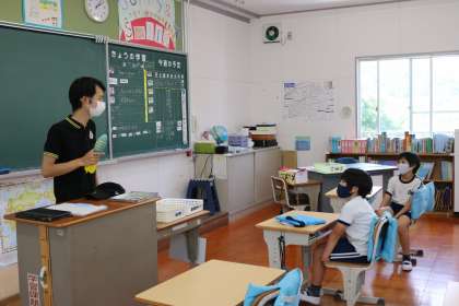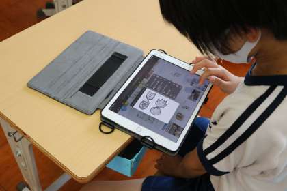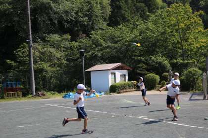 講座の最初は、教室内で学習タブレットを活用して、レクで活用する道具(器具)についてその名称と「どのように使うものか?」をみんなで調べました。その名称は、「ジャベボール」・「スカットボーイ」などで、楽しくボールを遠くに飛ばすための練習用の器具でした。遠くへ飛ばすコツを調べた後で、外に出て実践し、記録UPを目指しました。
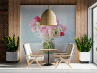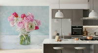 Bunch of mixed flowers in glass bottle. Introduce delicate charm into your space with this enchanting floral wallpaper for walls. This design features a beautiful bouquet of pink ranunculus, vibrant tulips, and white daffodils, all delicately arranged in a textured glass vase. The soft, watercolour-like backdrop adds a dreamy and serene quality to the scene. This wallpaper creates a calming atmosphere, perfect for bedrooms, living rooms, or even a powder room seeking a touch of romantic elegance. The colour palette of blush pinks and subtle whites works well with a range of décor styles, from classic to modern farmhouse. Its gentle beauty complements and enhances existing furnishings.
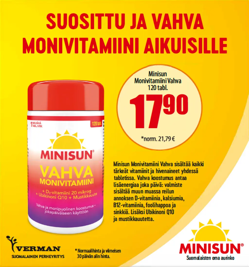 Voit kerryttää Bonusta S-Etukortilla myös apteekkien itsehoitotuotteista. Bonusta eivät kerrytä lääkevalmisteet (esim. resepti- ja itsehoitolääkkeet).Suosittu ja vahva monivitamiini aikuisille! Minisun monivitamiini vahva 120 tbl 17,90€ (norm. 21,79€). Minisun Monivitamiini Vahva sisältää kaikki tärkeät vitamiinit ja hivenaineet yhdessä tabletissa. Vahva koostumus antaa lisaenergiaa joka paiva: valmiste sisältää muun muassa reilun annoksen D-vitamiinia, kalsiumia, B12-vitamiinia, foolihappoa ja sinkkiä. Lisäksi Ubikinoni Q1D ja mustikkauutetta.Mukkulan apteekki – S-market Mukkula, Lahti
== == ==
■ WHAT IS BEING ASKED: All of the data, minus its pictures, should be repeated exactly.

■ FINISHED EXERCISE:
 講座の最初は、教室内で学習タブレットを活用して、レクで活用する道具(器具)についてその名称と「どのように使うものか?」をみんなで調べました。その名称は、「ジャベボール」・「スカットボーイ」などで、楽しくボールを遠くに飛ばすための練習用の器具でした。遠くへ飛ばすコツを調べた後で、外に出て実践し、記録UPを目指しました。
 Bunch of mixed flowers in glass bottle. Introduce delicate charm into your space with this enchanting floral wallpaper for walls. This design features a beautiful bouquet of pink ranunculus, vibrant tulips, and white daffodils, all delicately arranged in a textured glass vase. The soft, watercolour-like backdrop adds a dreamy and serene quality to the scene. This wallpaper creates a calming atmosphere, perfect for bedrooms, living rooms, or even a powder room seeking a touch of romantic elegance. The colour palette of blush pinks and subtle whites works well with a range of décor styles, from classic to modern farmhouse. Its gentle beauty complements and enhances existing furnishings.
 Voit kerryttää Bonusta S-Etukortilla myös apteekkien itsehoitotuotteista. Bonusta eivät kerrytä lääkevalmisteet (esim. resepti- ja itsehoitolääkkeet).Suosittu ja vahva monivitamiini aikuisille! Minisun monivitamiini vahva 120 tbl 17,90€ (norm. 21,79€). Minisun Monivitamiini Vahva sisältää kaikki tärkeät vitamiinit ja hivenaineet yhdessä tabletissa. Vahva koostumus antaa lisaenergiaa joka paiva: valmiste sisältää muun muassa reilun annoksen D-vitamiinia, kalsiumia, B12-vitamiinia, foolihappoa ja sinkkiä. Lisäksi Ubikinoni Q1D ja mustikkauutetta.Mukkulan apteekki – S-market Mukkula, Lahti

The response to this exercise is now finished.